T.I. singles chronology
| "We Takin' Over" (2007) | "Big Shit Poppin' (Do It)" (2007) | "You Know What It Is" (2007) |

= Big Shit Poppin' (Do It) =

2007 single by T.I.

"Big Shit Poppin' (Do It)" (edited for radio as "Big Things Poppin' (Do It)") is a song by American rapper T.I., released on May 29, 2007, as the lead single from his fifth album T.I. vs. T.I.P. (2007). The song was produced by Mannie Fresh.
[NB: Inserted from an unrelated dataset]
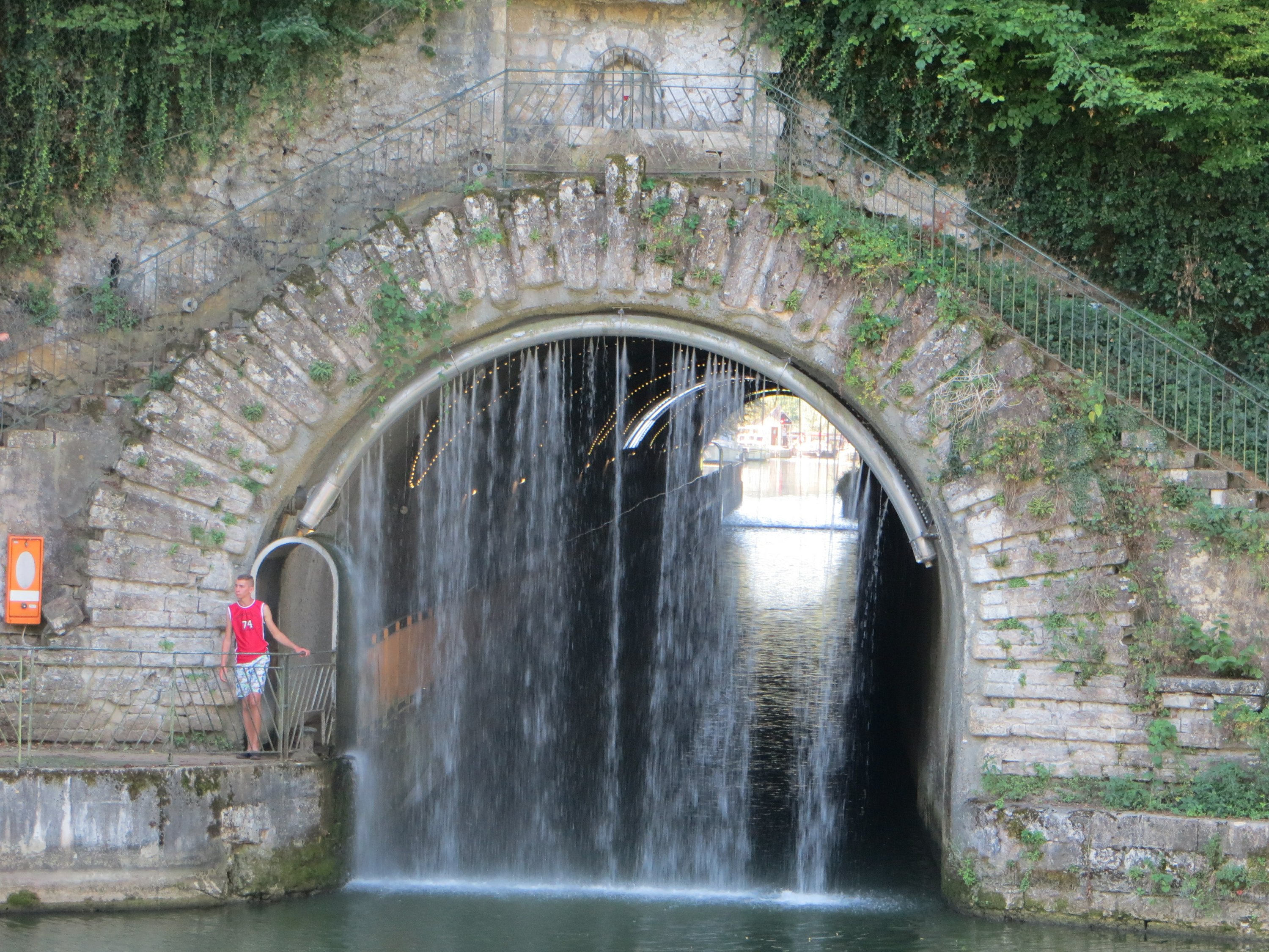 Cette saline royale a été inaugurée sous Louis XV, un siècle après le rattachement de la Franche Comté au royaume de France, sous la direction de l’architecte Jean-Baptiste Ledoux. Le bonhomme était dans la force de sa carrière et pouvait se permettre de réaliser ses conceptions assez innovantes. On aboutit à un édifice assez vaste et moderne pour l’époque où toute la communauté de production de la saline vivait ensemble selon des règles bien définies. Il paraît selon notre guide, que l’édifice interpellait beaucoup et faisait railler les cours de l’époque, étant donné le luxe de l’édifice construit pour héberger et faire travailler des culs terreux. Il faut bien reconnaître que c’est assez classe.
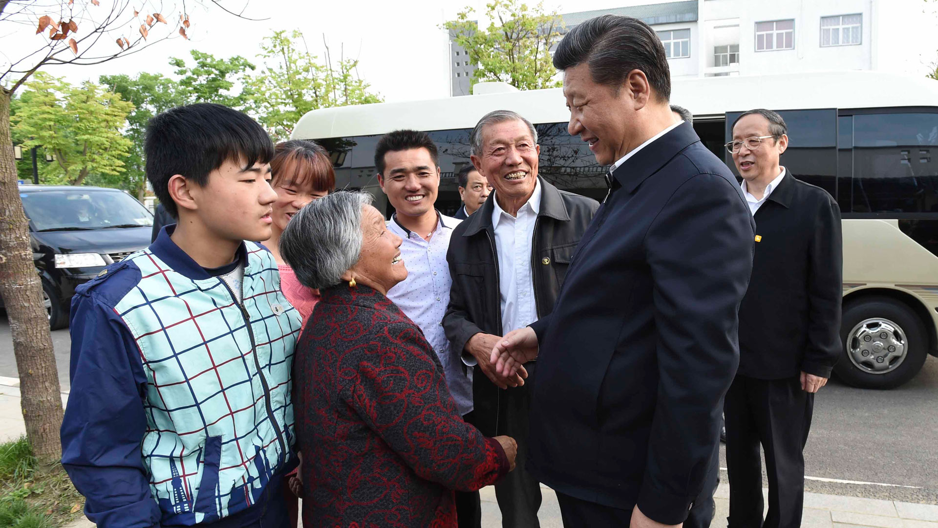 4月24日至27日,中共中央总书记、国家主席、中央军委主席习近平在安徽调研。这是4月25日下午,习近平在滁州市凤阳县小岗村向村民们问好。 新华社记者李涛摄

The song was listed as No. 66 on Rolling Stones "The 100 Best Songs of 2007" list.

==Release==
The hip hop song leaked on April 14, 2007, on numerous P2P file-sharing sites. "Big Shit Poppin (Do It)", debuted at number thirty-nine on Billboards Hot R&B/Hip-Hop Songs chart on April 26, 2007. On May 22, the single was released on the iTunes Store and the rest of the album was made available for pre-order.

==Background==
The single samples a guitar riff from the song "Top Gun Anthem", the theme of the 1986 film Top Gun. "Big Things Poppin' (Do It)" is used with alternative lyrics as the theme song to an ESPN SportsCenter special known as the "Who's Now?" series, which was aired throughout the summer of 2007. The song is featured in the multiplayer online casual rhythm game DANCE! Online. The song is used in the Wayans brothers' 2009 parody film Dance Flick.

The single was performed at the 2007 BET Awards and at the 2007 MTV Video Music Awards. The single won the award for Hot Ringtone at the 2007 BET Hip Hop Awards.

==Remixes==
The official remix was produced by Grand Hustle in-house production duo Nard & B, and was billed as the "Grand Hustle Remix". The remix features guest appearances from Grand Hustle artists Big Kuntry King, Alfamega, Mac Boney and JR Get Money. The song was later remixed by American rappers Cassidy, Fabolous and Swizz Beatz.

==Chart performance==
The single debuted at number 30 on the US Billboard Hot 100 chart on June 9, 2007, and went on to peak at number nine. On the Hot R&B/Hip-Hop Songs it reached #7. The song reached number two on the Billboard Hot Rap Tracks. As of August 2011, the song has sold more than a million digital downloads in the US alone. The single debuted at number twenty-one in New Zealand and peaked at number eight. It was the first solo chart entry by T.I. in New Zealand. It was certified Gold by RIANZ on August 23, 2009, selling over 7,500 copies.

===Weekly charts===

| Chart (2007) | Peak position |
|---|---|
| Canada Hot 100 (Billboard) | 75 |
| Japan (Japanese Singles Chart) | 5 |
| New Zealand (Recorded Music NZ) | 8 |
| US Billboard Hot 100 | 9 |
| US Hot R&B/Hip-Hop Songs (Billboard) | 7 |
| US Hot Rap Songs (Billboard) | 2 |
| US Pop 100 (Billboard) | 20 |
| US Rhythmic Airplay (Billboard) | 9 |

===Year-end charts===

| Chart (2007) | Position |
|---|---|
| New Zealand (Recorded Music NZ) | 30 |
| US Billboard Hot 100 | 75 |
| US Hot R&B/Hip-Hop Songs (Billboard) | 42 |

==Track listings==

===Promo CD single===
1. Clean version
2. dirty, dirty

3. Instrumental

===Vinyl===

- Side A

1. Amended version
2. Instrumental

- Side B

3. Explicit version
4. Acapella

==Certifications==

| Region | Certification | Certified units/sales |
| New Zealand (RMNZ) | Gold | 7,500^{*} |
^{*} Sales figures based on certification alone.